Assigned task >> The result should be a full, exact repeat of the entries, free of pictures.

Saved entries >>
-------------------------
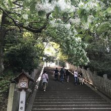 すぐに急な階段!!!東雲神社を通り進みます。整備はされていますが階段以外の坂もそこそ急です。
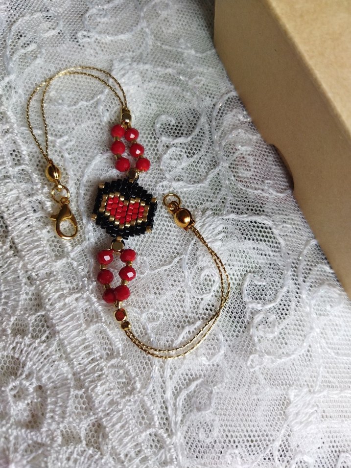 Miyuki boncuklara sahip kırmızı kalp desenli bohem tarzı bileklik. İnce altın renk çelik zincir ve kapama içerir.El yapımı olup sıfır üründür.Marka temsilidir.
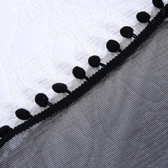 - Size detail:37.4" X 228" each curtain. This Black pom pom canopy scarf is suitable for all bed sizes.Pls check you bed or bed frame dimension before you buy.You could use for metal/wood bed frame , house bed,carrige bed.Put in baby nursery room,girls bedroom,boho/princess style room,etc.
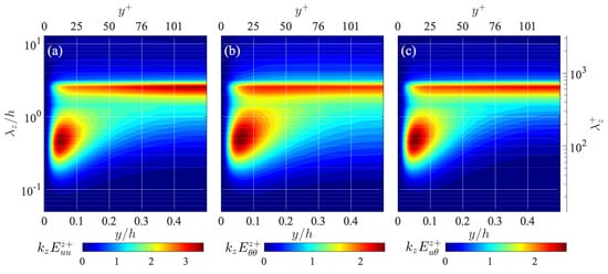 Spanwise one-dimensional premultiplied spectra of turbulent spatial fluxes of (a) streamwise turbulent energy , (b) temperature fluctuation , and (c) temperature-velocity correlation , presented in the same manner as in Figure 3. The values are scaled by , , and , respectively.
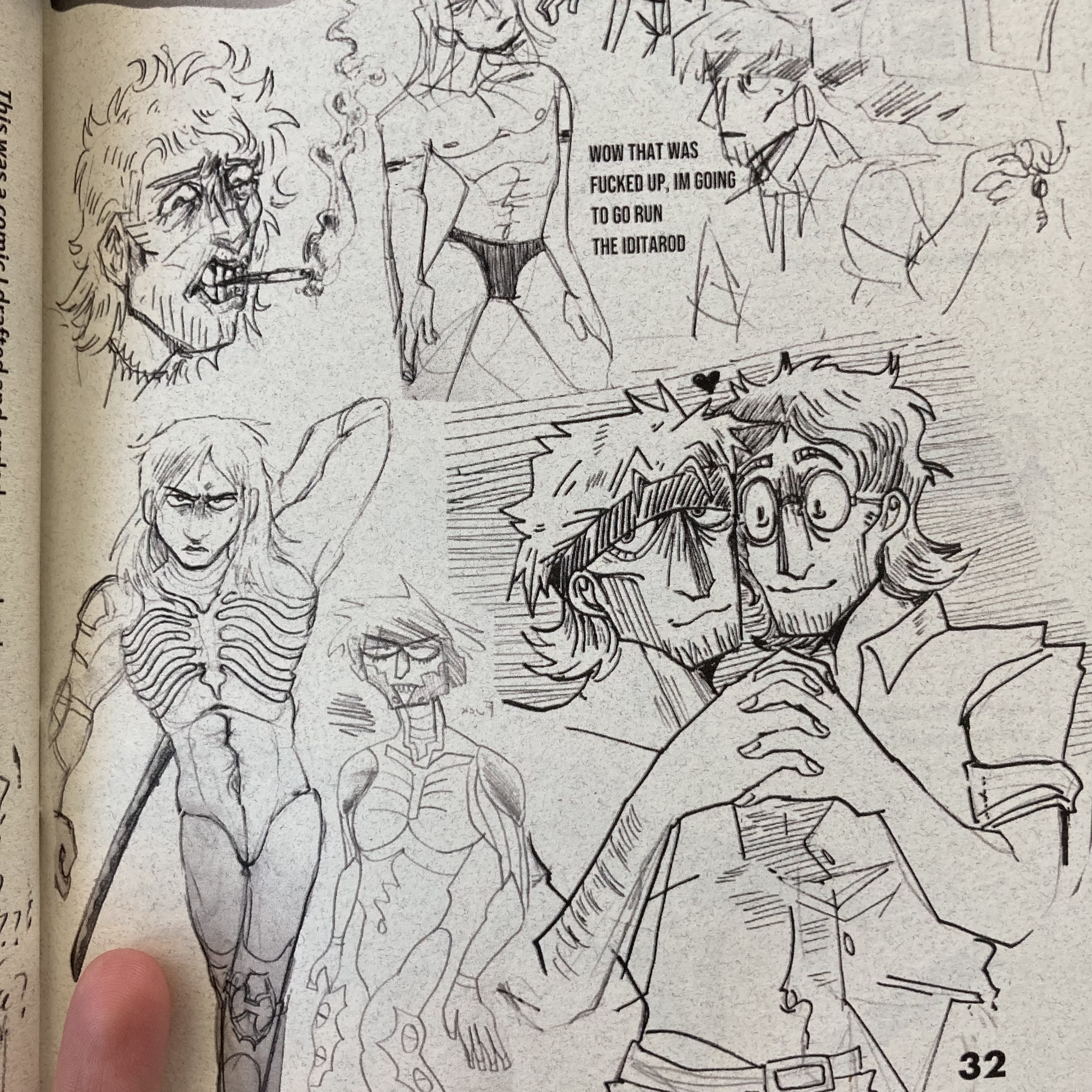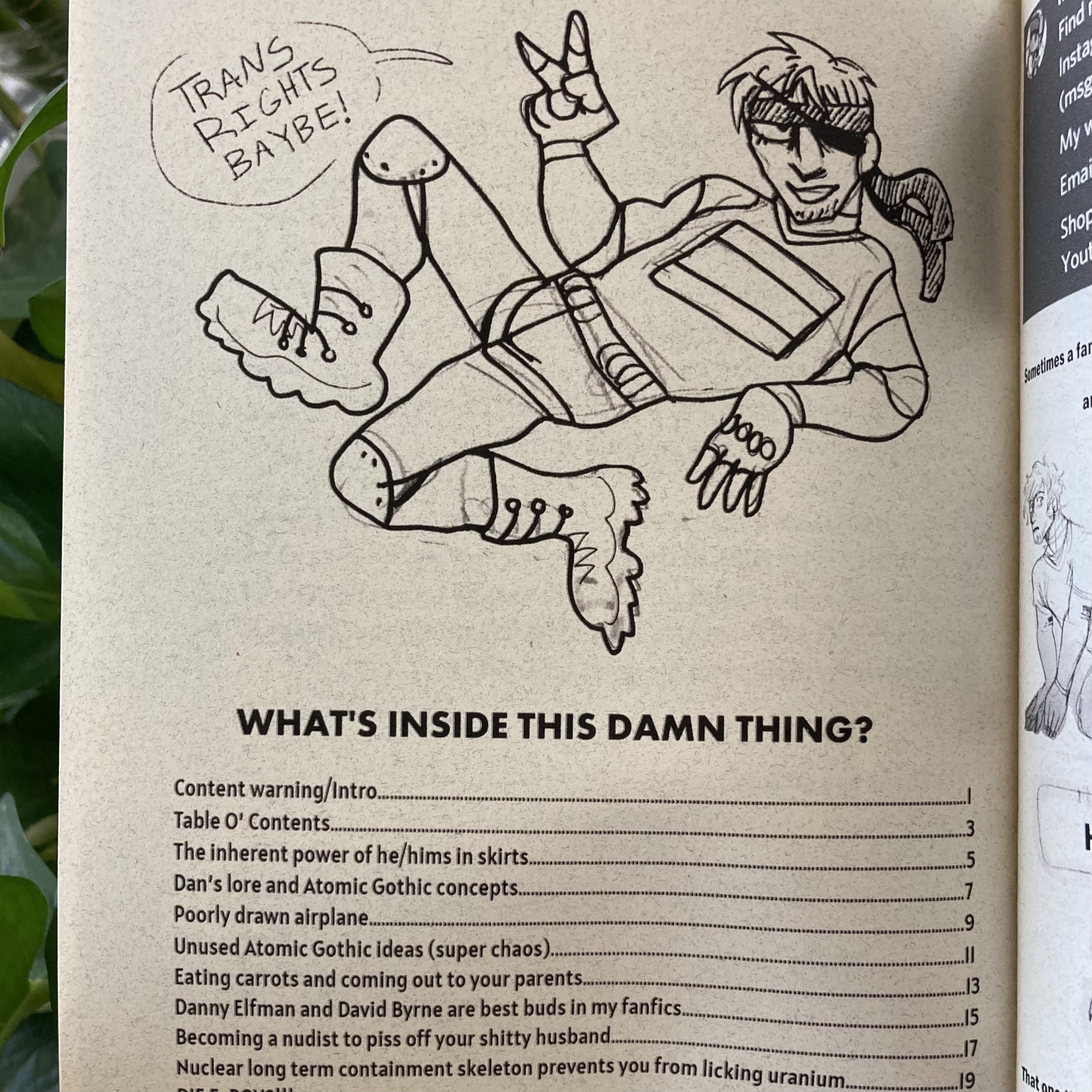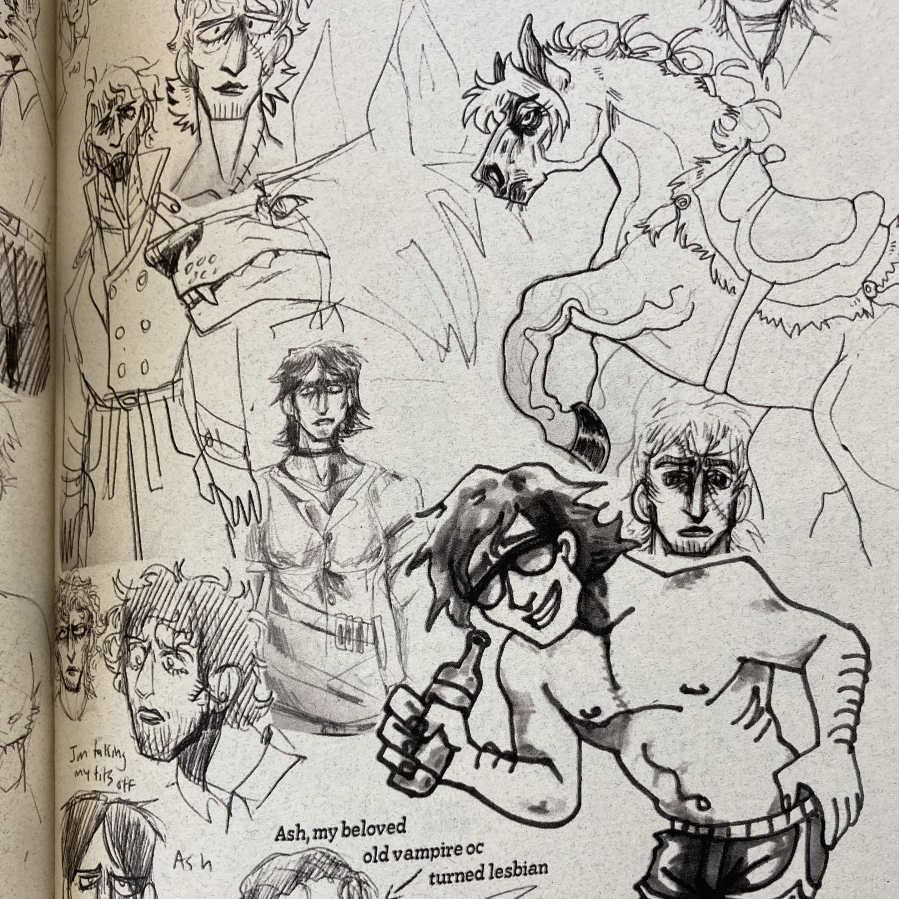 This 34 page zine includes all the sketches I made during quarantine 2020! Expect Metal Gear fanart, monsters, horses, shirtless men, lgbt vibes, original characters, comics, playlist, ramblings, and much more! This little book is my baby child, I worked incredibly hard making it :) !!
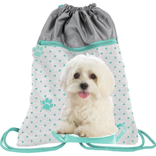 Worek gimnastyczny 2-komorowy z kieszenią na strój Pies Maltańczyk. Oryginalna szaro-turkusowa kolorystyka nadaje mu szczególnego uroku. Uwagę przyciąga nadruk z wizerunkiem białego psa maltańczyka o bystrych, brązowych oczach, który spogląda na miłośników czworonogów, wychylając się z turkusowego garnuszka. Worek zdobią również nadrukowane, małe, turkusowe kropeczki i pullery przy zamkach w kształcie psiej łapki. Wymarzony worek dla wszystkich dziewczynek, które uwielbiają małe, białe, słodkie pieski. Worek idealnie pasuje do innych produktów z tej serii.
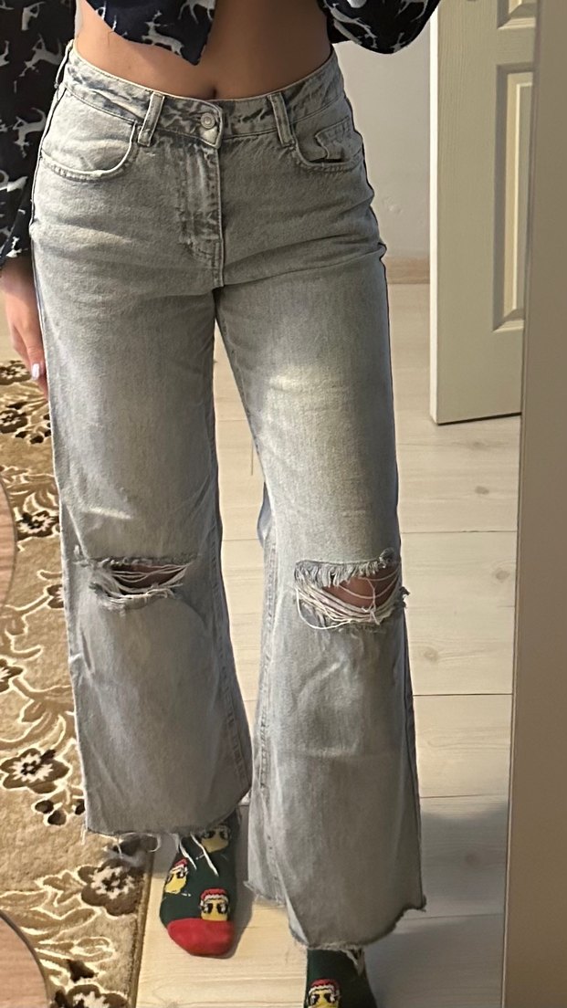 Bağcıklı detaylı, gri tie-dye efektli geniş kesim midi boy denim pantolon. Yırtık dizleriyle sokak tarzı, günlük kullanıma uygun.
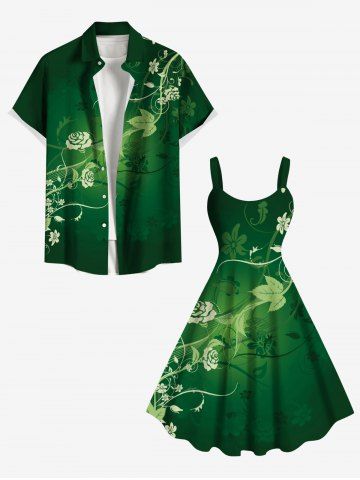 Plus Size Rose Flower Leaf Ombre Print Hawaii Tank Dress - Green - Xs
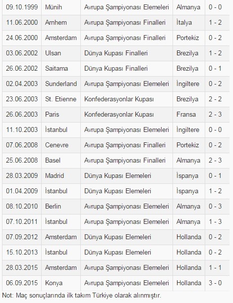 2016 Avrupa Şampiyonası Elemeleri'nde Hollanda'yı 3-0 yenerek grup üçüncülüğüne yerleşen A Milli Futbol Takımı, aynı zamanda 1998'den bu yana ilk kez ''büyük takım'' karşısında galibiyet elde etti.
-------------------------
Response box >>
 すぐに急な階段!!!東雲神社を通り進みます。整備はされていますが階段以外の坂もそこそ急です。
 Miyuki boncuklara sahip kırmızı kalp desenli bohem tarzı bileklik. İnce altın renk çelik zincir ve kapama içerir.El yapımı olup sıfır üründür.Marka temsilidir.
 - Size detail:37.4" X 228" each curtain. This Black pom pom canopy scarf is suitable for all bed sizes.Pls check you bed or bed frame dimension before you buy.You could use for metal/wood bed frame , house bed,carrige bed.Put in baby nursery room,girls bedroom,boho/princess style room,etc.
 Spanwise one-dimensional premultiplied spectra of turbulent spatial fluxes of (a) streamwise turbulent energy , (b) temperature fluctuation , and (c) temperature-velocity correlation , presented in the same manner as in Figure 3. The values are scaled by , , and , respectively.
 This 34 page zine includes all the sketches I made during quarantine 2020! Expect Metal Gear fanart, monsters, horses, shirtless men, lgbt vibes, original characters, comics, playlist, ramblings, and much more! This little book is my baby child, I worked incredibly hard making it :) !!
 Worek gimnastyczny 2-komorowy z kieszenią na strój Pies Maltańczyk. Oryginalna szaro-turkusowa kolorystyka nadaje mu szczególnego uroku. Uwagę przyciąga nadruk z wizerunkiem białego psa maltańczyka o bystrych, brązowych oczach, który spogląda na miłośników czworonogów, wychylając się z turkusowego garnuszka. Worek zdobią również nadrukowane, małe, turkusowe kropeczki i pullery przy zamkach w kształcie psiej łapki. Wymarzony worek dla wszystkich dziewczynek, które uwielbiają małe, białe, słodkie pieski. Worek idealnie pasuje do innych produktów z tej serii.
 Bağcıklı detaylı, gri tie-dye efektli geniş kesim midi boy denim pantolon. Yırtık dizleriyle sokak tarzı, günlük kullanıma uygun.
 Plus Size Rose Flower Leaf Ombre Print Hawaii Tank Dress - Green - Xs
 2016 Avrupa Şampiyonası Elemeleri'nde Hollanda'yı 3-0 yenerek grup üçüncülüğüne yerleşen A Milli Futbol Takımı, aynı zamanda 1998'den bu yana ilk kez ''büyük takım'' karşısında galibiyet elde etti.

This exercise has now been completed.